Potential Capabilities of a Rover Deployed Ground Penetrating Radar on Mars

Ground Penetrating Radar (GPR) is capable of addressing a variety of geological problems on the Earth and planets and the instrument has become ensconced as an efficient means for non-intrusive definition of physical properties to 10's of meters depth. Given these capabilities, it is likely that measurements made by a rover-deployed GPR on Mars could constrain near-surface geology and structure. These GPR data could enable 3-D mapping of local stratigraphy and penetrate beneath eolian drift or snow masking layered or ground-ice-rich units and gullies. GPR data could also help define the degree of post-depositional weathering, and provide geologic context necessary to guide other rover instruments. Finally, GPR provides the potential to detect rover hazards (e.g., voids or dust-filled cracks) prior to their engagement.

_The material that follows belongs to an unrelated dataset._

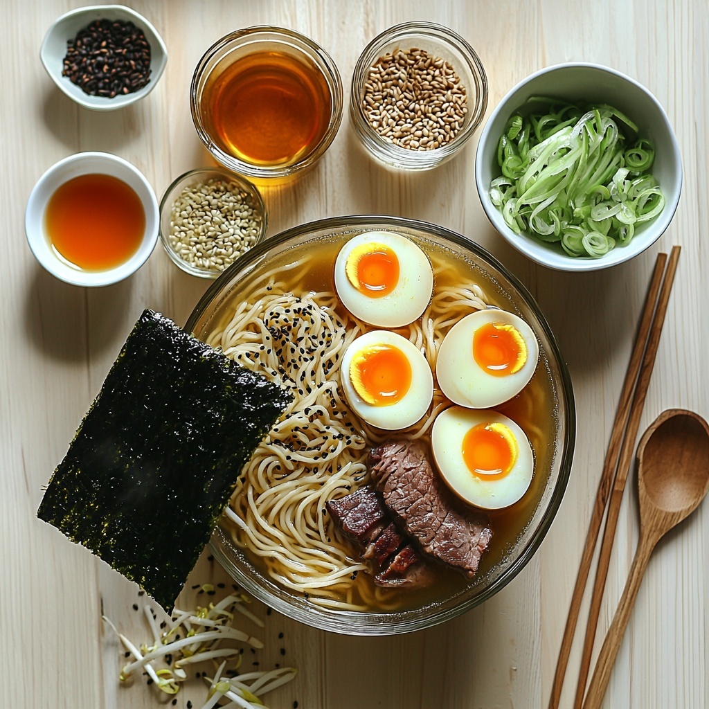 Drain the noodles and divide them evenly between two bowls. Ladle the steaming hot broth over the noodles carefully, then artfully arrange the toppings: soft-boiled eggs, chashu beef slices, bean sprouts, green onions, and strips of nori on top. Each component complements the others perfectly, creating a harmonious, crave-worthy meal.

Careful consideration of the various factors influencing radar performance on Mars instills confidence that a GPR can achieve 10-20 m penetration in many settings and motivates development of a rover-deployable impulse GPR. Design of our system has focused on development of prototype antennas in parallel with fabrication of a control unit possessing low mass, volume, peak power, and data requirements of 0.5 kg, 3400 cc, 3 W, and 0.3 MB/day (for 50 meter traverses), respectively. In order to maximize potential penetration and resolution of a Mars GPR, the capability for both high and low frequency investigations has been incorporated. Testing of the prototype antennas in terrestrial analog settings confirms the ability to define near-surface stratigraphy that is critical for accurate interpretation of geologic setting. A model based on the Finite-Difference Time-Domain (FDTD) method is also being used to constrain likely GPR capabilities on Mars and is capable of modeling the complete instrument configuration including antennas, rover, surface roughness, and rocks. Simulations highlight the potential value of investing in such models that may enable identification of diagnostic signatures (such as signal attenuation, frequency content, and phase response) and facilitate inference of dielectric contrasts useful in constraining the local geology and setting.